The timing infrastructure brackets this work with sub_4279C0("write"). The phase runs unconditionally for every successful link invocation that produces an output ELF.

Key Facts

PropertyValue
ELF-to-file entrysub_45C920 at 0x45C920
ELF-to-memory entrysub_45C950 at 0x45C950
Size computationsub_45C980 at 0x45C980
Serialization enginesub_45BF00 at 0x45BF00 (13,258 bytes, 532 lines)
Polymorphic writersub_45B6D0 at 0x45B6D0
Program header emittersub_45BAA0 at 0x45BAA0 (5,657 bytes, 228 lines)
Writer cleanupsub_45B6A0 at 0x45B6A0
Callgraph DOT outputsub_44CCF0 at 0x44CCF0
FNLZR post-linksub_4275C0 at 0x4275C0
Vector append helpersub_44FC10 at 0x44FC10
Timing label"write"
Called frommain() after finalization
CLI options-o (output path), --register-link-binaries, --dot-file

Pipeline Position

Finalization Phase (sub_445000)
  |
  v
FNLZR Pre-Link (sub_4275C0, Mercury pre-link on inputs)
  |
  v
*** Output Phase ***    <-- this page
  |
  |-- Direct path (non-Mercury):
  |     sub_45C920 -> sub_45BF00 -> sub_45B6D0 (fwrite)
  |
  |-- Mercury path (sm >= 100):
  |     sub_45C980 (compute size)
  |     sub_45C950 -> sub_45BF00 -> sub_45B6D0 (memcpy to buffer)
  |     sub_4275C0 (FNLZR post-link transform)
  |     fwrite(buffer, size, file)
  |
  |-- Register-link-binaries (--register-link-binaries):
  |     fprintf(file, "DEFINE_REGISTER_FUNC(%s)\n", ...)
  |
  |-- DOT callgraph (--dot-file):
  |     sub_44CCF0 -> fprintf("digraph callgraph { ... }")
  |
  v
Host Linker Script (--gen-host-linker-script, separate path)

Output Dispatch in main()

The output decision tree in main() (starting around decompiled line 1447) selects one of two serialization paths depending on whether Mercury mode is active (byte_2A5F222, set when arch > sm_99):

if (error_flag)  ->  skip output entirely

fopen(output_filename, "wb")       // ::filename global
if (!file)  ->  fatal "cannot open output file"

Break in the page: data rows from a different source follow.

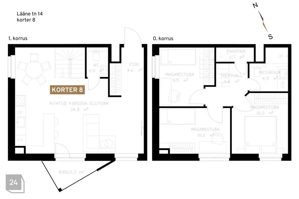 Müüdava korteri suletud netopindala on 82,30 m2, millele lisandub 3,3 m2 suurune rõdu. Korter paikneb läbi kahe korruse. 1. korrusel on esik, avatud köögiga elutuba ja wc ning 0. korrusel on kolm magamistuba, duširuum-wc ja panipaik. Korteri hind sisaldab lõplikku siseviimistlust. Eluruumi põrandatele on parkett, seinad ja laed värvitud. San. ruumide seinad ja põrandad plaaditud ning paigaldatud sanitaartehnika (wc-pott, kraanikauss, dušisegisti).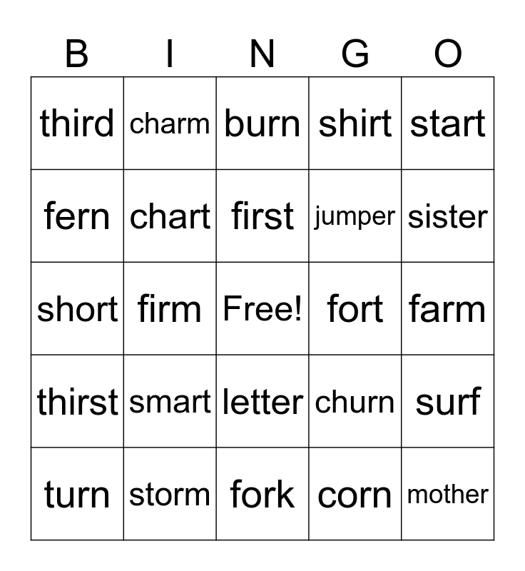 This bingo card has a free space and 24 words: smart, storm, first, turn, start, third, fern, charm, fort, letter, jumper, short, churn, surf, chart, corn, farm, burn, sister, firm, mother, thirst, shirt and fork.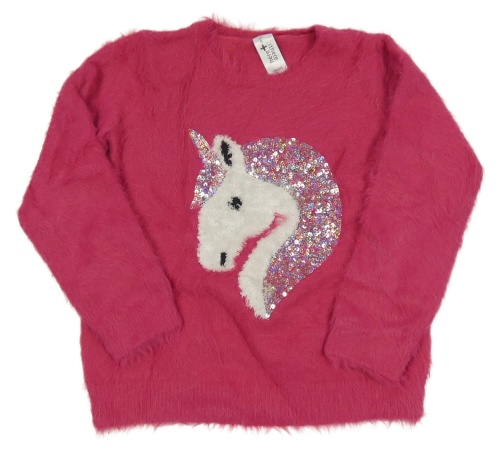 Růžový chlupatý svetr s jednorožem a flitry C&A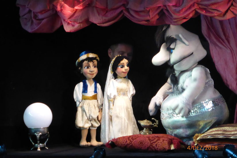 Am 05.12.2018 waren wir bei uns in der Turnhalle und haben mit anderen Klassen ein Puppentheater angeschaut. Das Märchen erzählte von einem Jungen, der arm war. Er hat sich in die Königstochter verliebt und ein Zauberer hat ihm gesagt, dass er sein Onkel sei. Aladin sollte eine Wunderlampe aus einer Höhle holen. Er hat sich auch getraut, doch das Seil riss. Aladin wollte die Lampe putzen, da kam ein dicker Geist. Am Schluss hat Aladin seine Frau bekommen und sie waren nicht mehr arm.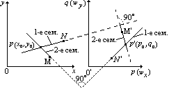 в некоторой точке p (x0, y0) плоскости x, y известны составляющие скорости wx0, wy0 и значения функций p0, q0. Элементу характеристики pN соответствует элемент характеристики 2‑го семейства – прямая в плоскости p, q . Эта прямая перпендикулярна к линии pN.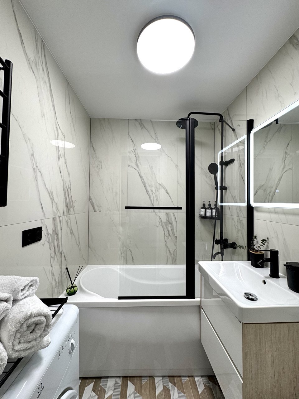 В ванной комнате Вас ожидает расслабляющая ванна, белоснежные пушистые полотенца и все необходимые предметы гигиены. Мы уже позаботились о мелочах, чтобы Вы могли сосредоточиться на отдыхе.

if (byte_2A5F222) {                // Mercury mode
    size = sub_45C980(elfw);       // compute ELF byte count
    buffer = arena_alloc(0, size);
    sub_45C950(buffer, elfw);      // serialize to memory
    if (byte_2A5F29B)              // --extract debug mode
        write_extract_debug(buffer, size);
    sub_4275C0(&buffer, filename, arch, &out_size, 1);  // FNLZR post-link
    fwrite(buffer, 1, out_size, file);
} else {
    sub_45C920(file, elfw);        // direct serialize to FILE*
}
fclose(file);

The Mercury path must serialize to memory first because FNLZR (sub_4275C0) is an in-place binary rewriter -- it needs the complete ELF image in a contiguous buffer to rewrite instruction encodings, patch control-flow metadata, and produce the final SASS binary. The non-Mercury path writes directly to the file descriptor, avoiding the allocation of an intermediate buffer.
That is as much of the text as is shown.